Segment Start: SUPPLIED MATERIAL

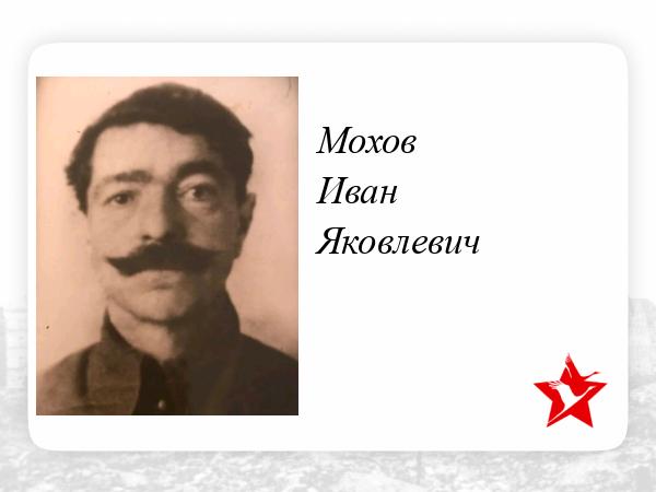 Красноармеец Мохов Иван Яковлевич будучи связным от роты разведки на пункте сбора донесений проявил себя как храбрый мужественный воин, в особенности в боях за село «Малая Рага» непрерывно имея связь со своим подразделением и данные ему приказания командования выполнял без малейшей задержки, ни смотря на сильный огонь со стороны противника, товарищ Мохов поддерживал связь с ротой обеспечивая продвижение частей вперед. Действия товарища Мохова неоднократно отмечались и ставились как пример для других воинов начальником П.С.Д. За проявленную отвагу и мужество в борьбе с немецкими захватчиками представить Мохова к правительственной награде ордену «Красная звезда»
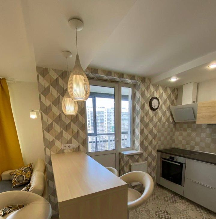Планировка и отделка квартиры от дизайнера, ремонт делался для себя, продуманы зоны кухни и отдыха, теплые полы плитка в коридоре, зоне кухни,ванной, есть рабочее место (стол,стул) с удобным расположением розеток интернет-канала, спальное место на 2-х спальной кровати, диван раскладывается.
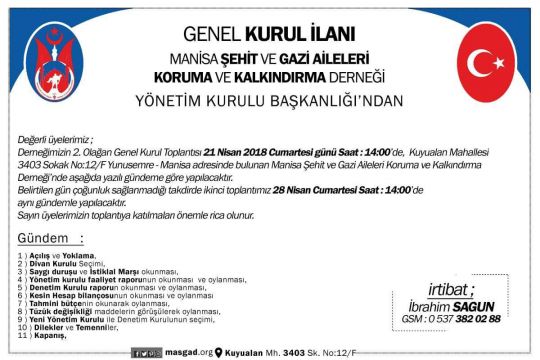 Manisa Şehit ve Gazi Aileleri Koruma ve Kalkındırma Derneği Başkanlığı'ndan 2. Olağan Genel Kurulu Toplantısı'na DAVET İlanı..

Segment End: SUPPLIED MATERIAL

Copy out the data exactly and keep the pictures out.

 Красноармеец Мохов Иван Яковлевич будучи связным от роты разведки на пункте сбора донесений проявил себя как храбрый мужественный воин, в особенности в боях за село «Малая Рага» непрерывно имея связь со своим подразделением и данные ему приказания командования выполнял без малейшей задержки, ни смотря на сильный огонь со стороны противника, товарищ Мохов поддерживал связь с ротой обеспечивая продвижение частей вперед. Действия товарища Мохова неоднократно отмечались и ставились как пример для других воинов начальником П.С.Д. За проявленную отвагу и мужество в борьбе с немецкими захватчиками представить Мохова к правительственной награде ордену «Красная звезда»
Планировка и отделка квартиры от дизайнера, ремонт делался для себя, продуманы зоны кухни и отдыха, теплые полы плитка в коридоре, зоне кухни,ванной, есть рабочее место (стол,стул) с удобным расположением розеток интернет-канала, спальное место на 2-х спальной кровати, диван раскладывается.
 Manisa Şehit ve Gazi Aileleri Koruma ve Kalkındırma Derneği Başkanlığı'ndan 2. Olağan Genel Kurulu Toplantısı'na DAVET İlanı..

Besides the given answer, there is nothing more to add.